The appeal of IPO comes from many important factors:
First of all, this is an opportunity for investors to approach businesses that are in the most dynamic stage of development, with high growth potential and breakthrough business models. Technology companies and startups in the fields of AI, renewable energy, digital health and digital transformation are becoming bright spots attracting the attention of investors.
Financially, an IPO brings significant benefits. Investors have the opportunity to own shares of promising businesses right from the first steps, at prices that are considered quite attractive compared to future growth potential. Many IPO stocks have shown impressive price increases in the first months of listing, bringing quick profits to early investors.
However, the appeal of an IPO is not always simple and smooth. The IPO market contains many risks and challenges that investors need to consider carefully. Assessing the true potential of a business requires in-depth analysis of its business model, management capacity, development prospects and competitive environment.
Important factors that investors need to consider include:

Note: After completing the online procedure, you will need to submit the following documents to complete the procedure.
First, investing in IPO stocks needs to focus on the real health of the business.

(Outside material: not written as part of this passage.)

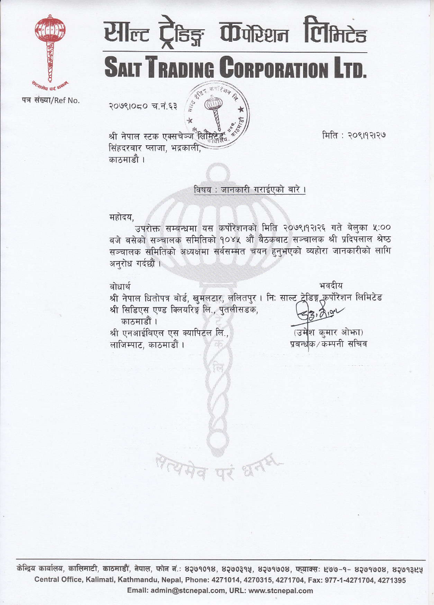 काठमाडौँ । साल्ट ट्रेडिङ कर्पोरेसन लिमिटेडको अध्यक्षमा प्रदीपलाल श्रेष्ठलाई नियुक्त गरिएको छ । हिजो चैत्र २७ गते सोमबार बसेको लिमिटेडको सञ्चालक समितिको बैठकले कर्पोरेसनकै सञ्चालकको रुपमा काम गर्दै आएका प्रदीपलाल श्रेष्ठलाई अध्यक्षमा नियुक्त गर्ने निर्णय गरेको थियो ।

It is necessary to look at the business situation before the IPO (pre-IPO) from many diverse perspectives. Don’t just spend a lot of resources just because of “rosy” scenarios, perhaps drawn by business owners. But don’t let negative external factors discourage you from good profit opportunities.

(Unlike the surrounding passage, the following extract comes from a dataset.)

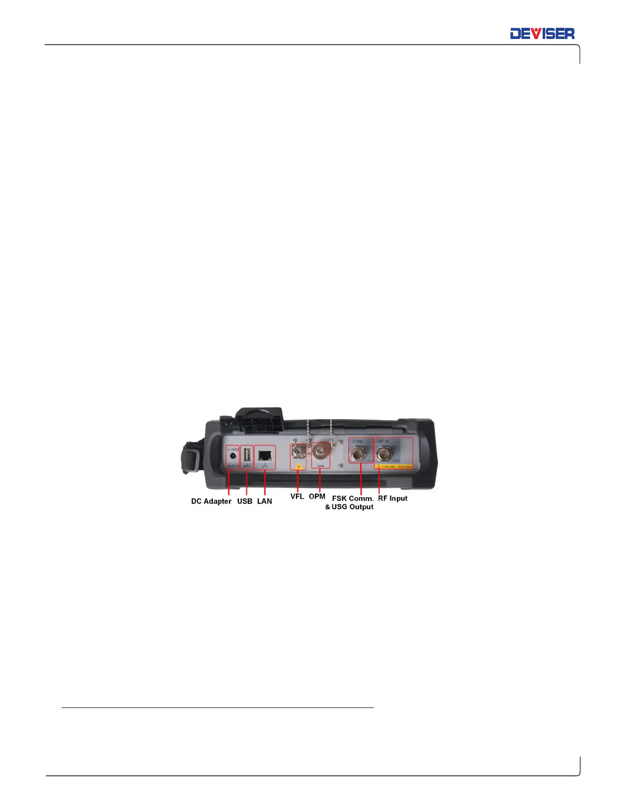 The test instrument’s top panel contains connectors and ports used to transfer data, charge the instrument,

To be able to do this, you need to have a macro overview and also need to learn about the side information of the business.
Second, how long can an IPO stock investment be accepted?
Investors need to clearly determine: Investing in IPO stocks can consume a lot of time. Unintended capital reduction is entirely possible. Normally, investors expect to achieve better profits than holding normal stocks during the month. However, to reach that desired price will take a lot of time, maybe even up to units of years.
Third, pay attention to objective risks.
These risks can be divided into two parts: Subjective and objective. Objective factors also need to be focused on. That is the legal corridor as well as general market fluctuations. The legal framework in Vietnam currently has many mandatory requirements that businesses need to pay attention to if they want to IPO. The journey to ensuring these requirements may affect investors who bought early pre-IPO shares.
Market volatility is also a factor. By 2023, Vietnam’s stock market will have very few IPO businesses. According to data from HoSE, in 2023 this exchange will only list 4 new stocks. HNX also only has 4 new listed stocks.
Fourth, note the commitments when investing in IPO stocks.
Enterprises when IPO have separate regulations related to stocks. That could be restricting trading for a certain period of time, or only being able to trade at a certain price range. This also requires investors to pay attention and calculate before investing
Investing in IPO stocks is not an easy journey. Experts also had these notes. The profits of this form can be large in numbers. However, the time to receive that level of profit is not necessarily better than that of stocks already on the exchange. Investors need to have a comprehensive view before deciding to invest in this form.

Conducting an IPO (Initial Public Offering) can bring many benefits such as attracting capital and enhancing reputation, but also comes with some risks. Here are some common risks:
IPO is not only an opportunity to raise capital but also a way for businesses to affirm their position and reputation in the eyes of the public and investors. However, a successful IPO requires businesses to have careful preparation, from reasonable pricing, completion of legal documents to strict compliance with regulations after listing. Mastering and properly implementing the IPO process not only helps businesses develop sustainably but also builds solid trust, opening up long-term growth potential in the market.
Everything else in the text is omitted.